Yup and imagine you distroy a beetles nest that is on the red list of endangered sp. You have to be realy very carefull with this.. And don't loud mouth the ranger, if it's taken to court you smoke a very big cigar.. 

Beter to have someone on the lookout.. And then before you are spotted loading in, you have to start throwing all out again.. When the ranger askes "What do you think you are doing?".. You answer i had a few peebles left in te garden and thought they might fit in here perfectly!?.. Than he will say "Dumping is not allowed!!. Load all up again and go home before you get a fine!!.. Problem solved..


----------



## Tim Harrison (24 Aug 2018)

zozo said:


> Beter to have someone on the lookout.. And then before you are spotted loading in, you have to start throwing all out again.. When the ranger askes "What do you think you are doing?".. You answer i had a few peebles left in te garden and thought they might fit in here perfectly!?.. Than he will say "Dumping is not allowed!!. Load all up again and go home before you get a fine!!.. Problem solved..


Haha...that's a very good standard defence 



BarryH said:


> Surely the incoming and outgoing tides do this twice a day? Rocks and pebbles banging against each other and rolling around is what gives them their shapes.
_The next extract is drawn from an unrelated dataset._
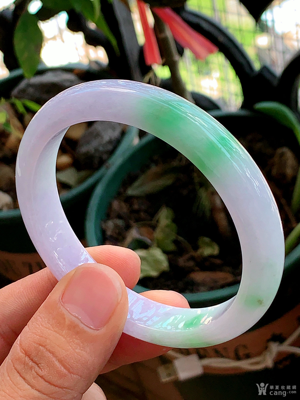 缅甸天然翡翠A货冰透水润春带彩大圈口宽边手镯62.8圈口

Sounds like a typically spurious way to create a revenue stream...Give a petty bureaucratic organisation like a council any opportunity, no matter how nonsensical, and it will take it...


----------



## zozo (24 Aug 2018)

Tim Harrison said:


> Haha...that sounds like a very good standard defence



It's actualy a very old joke about a few fellows stealing sand from a construction site.. And as many old silly jokes it's probably based up on true facts.
But it likely will not work everytime.. But worth a try..


----------



## Lee iley (25 Aug 2018)

LondonDragon said:


> Be warned when collecting stuff for your fish tanks!
> 
> https://www.telegraph.co.uk/news/20...ebbles-cornwall-beach-threatened-prosecution/


Wow didnt know this I have collected loads of pebbles over the past 18month for my tanks I didn't see any signs though on the 2 beaches I got mine from Morecambe and fleetwood beaches in Lancashire. Also drift wood what I could find aswel. I will look in the future now thanks for this post.


----------



## PARAGUAY (30 Aug 2018)

I stopped feeling guilty when I saw the JCB at the far end of the beach loading up presumibly for your local Garden Centre


----------



## PARAGUAY (30 Aug 2018)




----------



## PARAGUAY (30 Aug 2018)

Always ask when collecting wood


----------



## BarryH (31 Aug 2018)

PARAGUAY said:


> I stopped feeling guilty when I saw the JCB at the far end of the beach loading up presumibly for your local Garden Centre



I couldn't agree more. I live in Derbyshire and we have to really large aggregates companies and along with hundreds of builders merchants and DIY sheds, their yards are stocked full of pebbles of all shapes and sizes. There never seems to be any balance in this World. It seems it's OK to take pebbles by the lorry load but not one or two in your pocket.


----------



## zozo (31 Aug 2018)

It often goes as it comes.. If you don't have a permit they likely will not nag about 1 or 2 stones, sticks what ever.. If you already start draging around 10 or more i can understand questions are asked to please put them back where you found them.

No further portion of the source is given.